Clinical characteristics of 113 deceased patients with coronavirus disease 2019: retrospective study

Authors: Tao Chen, doctor1,  Di Wu, doctor1,  Huilong Chen, doctor1,  Weiming Yan, research associate1,  Danlei Yang, doctor2,  Guang Chen, doctor1,  Ke Ma, doctor1,  Dong Xu, doctor1,  Haijing Yu, doctor1,  Hongwu Wang, doctor1,  Tao Wang, doctor2,  Wei Guo, doctor1,  Jia Chen, doctor1,  Chen Ding, doctor1,  Xiaoping Zhang, doctor1,  Jiaquan Huang, doctor1,  Meifang Han, doctor1,  Shusheng Li, doctor3,  Xiaoping Luo, doctor4,  Jianping Zhao, doctor2,  Qin Ning, doctor1

Among a cohort of 799 patients, 113 who died and 161 who recovered with a diagnosis of covid-19 were analysed. Data were collected until 28 February 2020.

Main outcome measures Clinical characteristics and laboratory findings were obtained from electronic medical records with data collection forms.

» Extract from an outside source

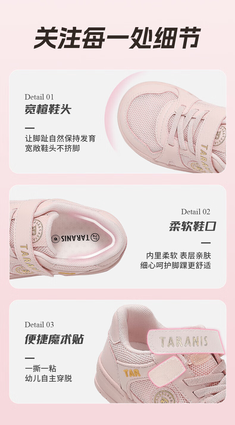 Tyrannis children's shoes autumn new children's sneakers boys' casual shoes girls' comfortable sports shoes campus cool sneakers pink single mesh 29 suitable for feet 18.0cm long

Results The median age of deceased patients (68 years) was significantly older than recovered patients (51 years). Male sex was more predominant in deceased patients (83; 73%) than in recovered patients (88; 55%). Chronic hypertension and other cardiovascular comorbidities were more frequent among deceased patients (54 (48%) and 16 (14%)) than recovered patients (39 (24%) and 7 (4%)). Dyspnoea, chest tightness, and disorder of consciousness were more common in deceased patients (70 (62%), 55 (49%), and 25 (22%)) than in recovered patients (50 (31%), 48 (30%), and 1 (1%)). The median time from disease onset to death in deceased patients was 16 (interquartile range 12.0-20.0) days. Leukocytosis was present in 56 (50%) patients who died and 6 (4%) who recovered, and lymphopenia was present in 103 (91%) and 76 (47%) respectively. Concentrations of alanine aminotransferase, aspartate aminotransferase, creatinine, creatine kinase, lactate dehydrogenase, cardiac troponin I, N-terminal pro-brain natriuretic peptide, and D-dimer were markedly higher in deceased patients than in recovered patients. Common complications observed more frequently in deceased patients included acute respiratory distress syndrome (113; 100%), type I respiratory failure (18/35; 51%), sepsis (113; 100%), acute cardiac injury (72/94; 77%), heart failure (41/83; 49%), alkalosis (14/35; 40%), hyperkalaemia (42; 37%), acute kidney injury (28; 25%), and hypoxic encephalopathy (23; 20%). Patients with cardiovascular comorbidity were more likely to develop cardiac complications. Regardless of history of cardiovascular disease, acute cardiac injury and heart failure were more common in deceased patients.

Conclusion Severe acute respiratory syndrome coronavirus 2 infection can cause both pulmonary and systemic inflammation, leading to multi-organ dysfunction in patients at high risk. Acute respiratory distress syndrome and respiratory failure, sepsis, acute cardiac injury, and heart failure were the most common critical complications during exacerbation of covid-19.